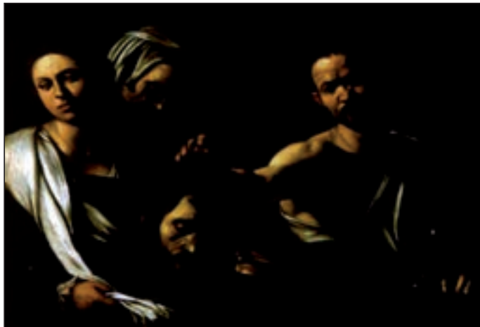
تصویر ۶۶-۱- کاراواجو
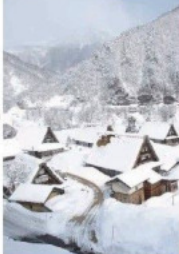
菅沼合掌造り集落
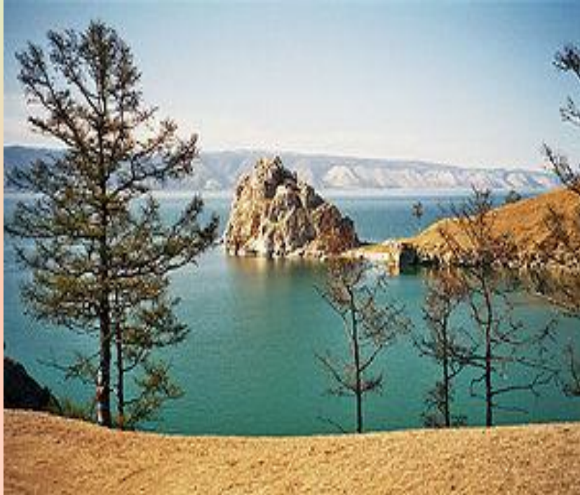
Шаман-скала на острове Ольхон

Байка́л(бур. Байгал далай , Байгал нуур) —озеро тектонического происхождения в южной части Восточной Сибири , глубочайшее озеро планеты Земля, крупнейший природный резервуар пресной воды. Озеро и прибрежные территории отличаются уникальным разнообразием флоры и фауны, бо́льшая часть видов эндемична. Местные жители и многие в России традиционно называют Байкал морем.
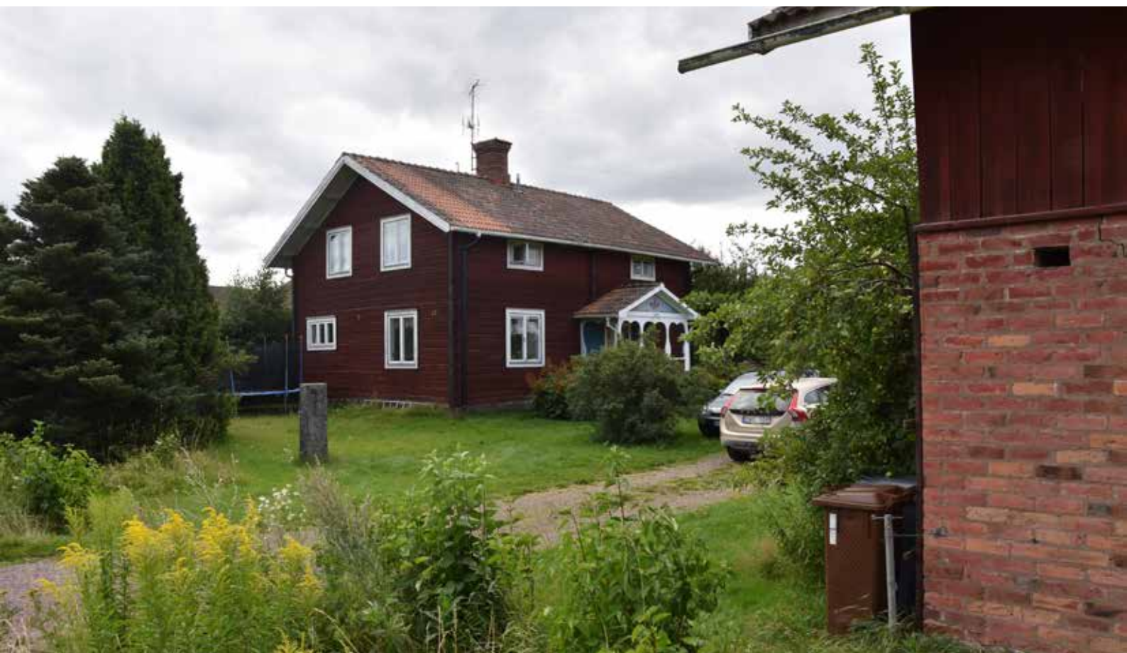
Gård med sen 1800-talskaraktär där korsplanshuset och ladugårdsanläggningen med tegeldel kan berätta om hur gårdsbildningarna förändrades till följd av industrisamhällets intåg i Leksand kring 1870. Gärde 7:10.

##############################

## Task to complete
Begin at the first line of the entries above and return each line exactly, stopping after the line that contains "Шаман-скала на острове Ольхон". Pictures do not belong in the copy.

## Answer to this exercise
تصویر ۶۶-۱- کاراواجو
菅沼合掌造り集落
Шаман-скала на острове Ольхон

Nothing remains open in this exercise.